# B7100 leaking fuel pretty fast



## 725franky (Dec 4, 2007)

Hi, I have a Kubota B7100 that is leaking fuel out of the top of the injection pump... Actually, there are three lines that come out the top of the pump and it seems to be leaking from between the fittings that the lines are connected to and the pump itself. Any suggestions?

It seems that this problem just started and they aren't loose. I tried tightening them today and they are quite tight.

Thanks,

Frank


----------



## Hoodoo Valley (Nov 14, 2006)

No idea at all about the leaking, but wanted to welcome you here.


----------



## 725franky (Dec 4, 2007)

Thanks for the welcome.


I think I may have figured out whats leaking.

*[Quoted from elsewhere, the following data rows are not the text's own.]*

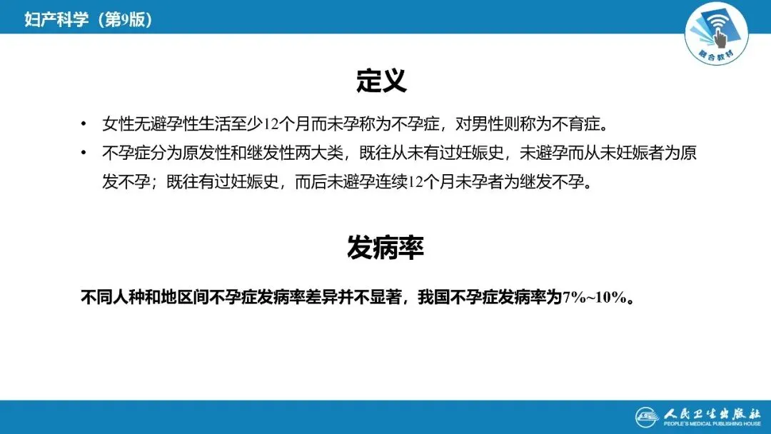 不孕症是指夫妻正常性生活、未避孕满 1 年未怀孕,我国发病率约 7%—10%,分为原发性和继发性两类。不孕原因中,女方占主要部分,常见的有输卵管堵塞、盆腔粘连、子宫病变、排卵异常等;男方多为精液质量差、性功能异常;还有约 10%—20% 原因不明。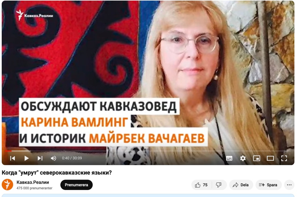Представляю вашему вниманию очередной выпуск подкаста, где со мной любезно согласилась поговорить о проблемах языков среди малочисленных народов Северного Кавказа мадам Карина Вамлинг (Karina Vamling), профессор по кавказоведению факультета культуры и общества в шведском университете Мальмё, доктор филологических наук по общей лингвистике при Лундском университете в Швеции, одна из основательниц и директоров научного центра RUCARR (Региональные исследования России, Украины и Кавказа).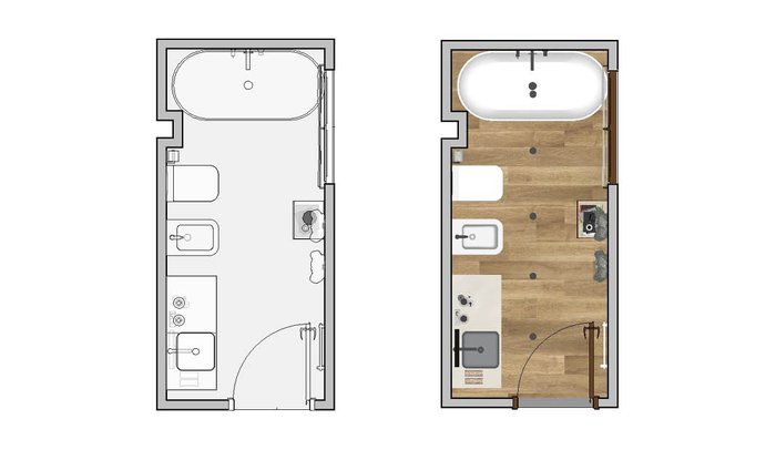 Bathroom design image in Rectangular shape, created with floor tiles FAPNEST and wall tiles BLOOM, FAP MURALS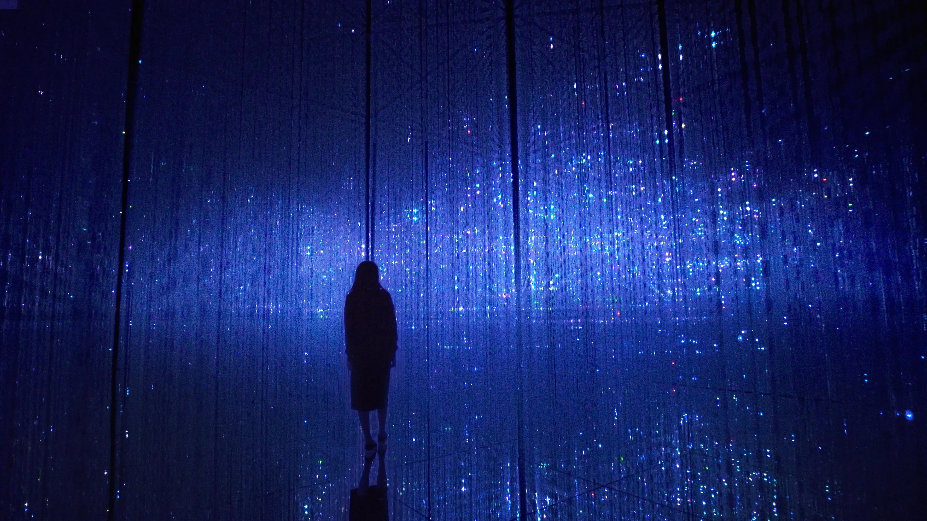 This work starts when the shoal of fish from The Way of the Sea enters the Crystal World space inside teamLab Borderless. The work ends when the shoal of fish leaves the space and disappears.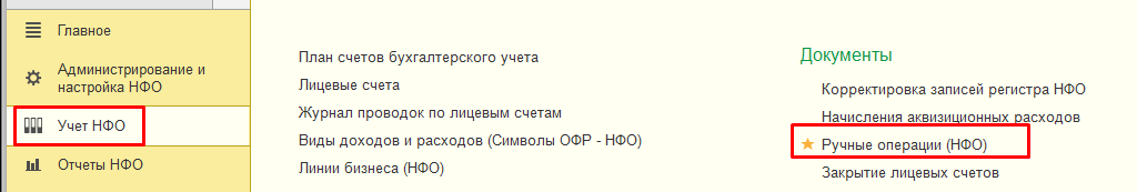 9. Доступны операции в рамках регламентных операций по НФО: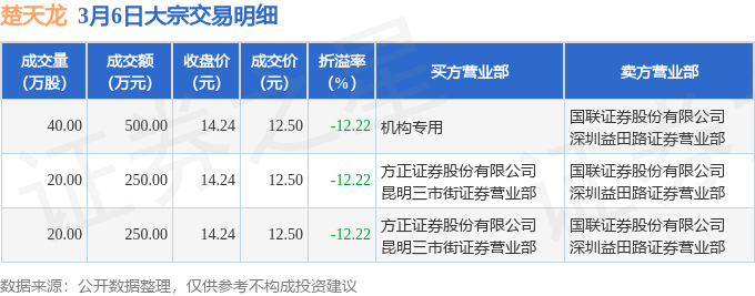 证券之星消息,3月6日楚天龙发生大宗交易,交易数据如下: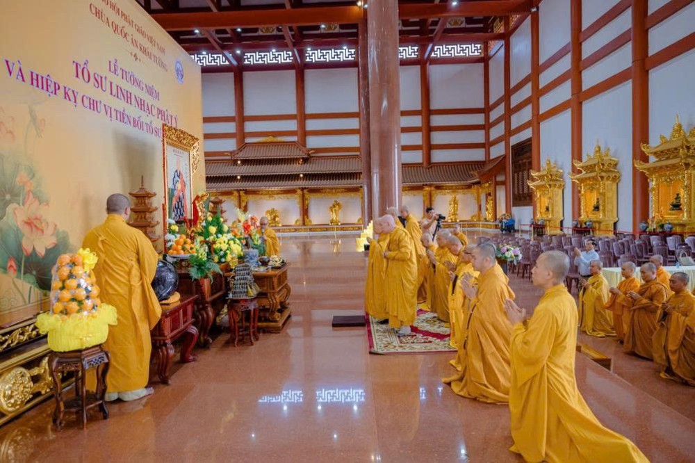 Trong không khí trang nghiêm và thành kính, Trưởng lão Hòa thượng Viện chủ cùng chư tôn giáo phẩm đã dâng hương, mặc niệm, thành kính tri ân công đức sâu dày của Tổ Linh Nhạc – Phật Ý và chư vị Tổ sư, tiền bối hữu công.
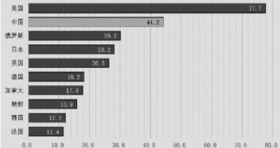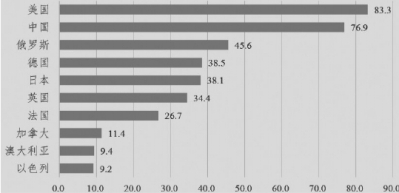 中國公眾心目中的十大世界大國分別是美國、中國、俄羅斯、德國、日本、英國、法國、加拿大、澳大利亞、以色列。而美國公眾心目中的十大世界大國分別是美國、中國、俄羅斯、日本、英國、德國、加拿大、朝鮮、韓國、法國。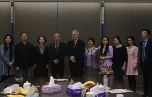 2014年11月10日,澳大利亚维多利亚大学代表国际合作部总监Mr.Rhys Williams、国际部合作部经理Mr.George Yue和中国澳大利亚商会华南区代表李强会长等一行来访我们。我们董事长廖榕就、副院长廖伊曼、教务处处长李建浔、经济系主任王德高、经济学主任马玉珍、华商合作交流中心主任刘芳芳、院办副主任杨宪等热情接待了来访嘉宾。双方就中澳合作项目进行了探讨,会议在愉快的气氛中结束。会后双方约定加强联系,共同努力实现合作项目。(文/陈维)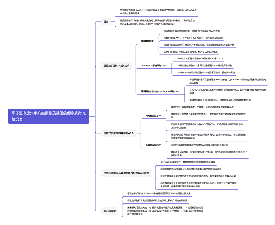 抗生素耐药基因(ARGs)对环境和公共健康构成严重威胁,而废水是ARGs的重要来源,因此对其监测需求日益增长。微流控设备通过在微/纳米尺度空间内精确控制和操作流体,可集成样品检测的基本功能单元,在废水中ARGs的检测方面展现出巨大潜力。

There is an o-ring on the fitting / valve that is on top of the injection pump & that's what I think is leaking. No I just have to figure out where to get the o-rings.


----------



## sparkyz68 (Jun 7, 2010)

*O-Ring*

Just make sure the o-ring you get is approved for use with fuel. If it is not, the fuel will disintegrate the o-ring.


----------



## L185driver (May 24, 2018)

Your problem does not tell me if the leak is at line connection, or the pump housing.
The pressure from pump is quite high, the housing could have fatigued, at the metal granular level


----------



## thepumpguysc (Jan 25, 2015)

That thread is over 8 yrs old.. he probably has it fixed by now?? lol


----------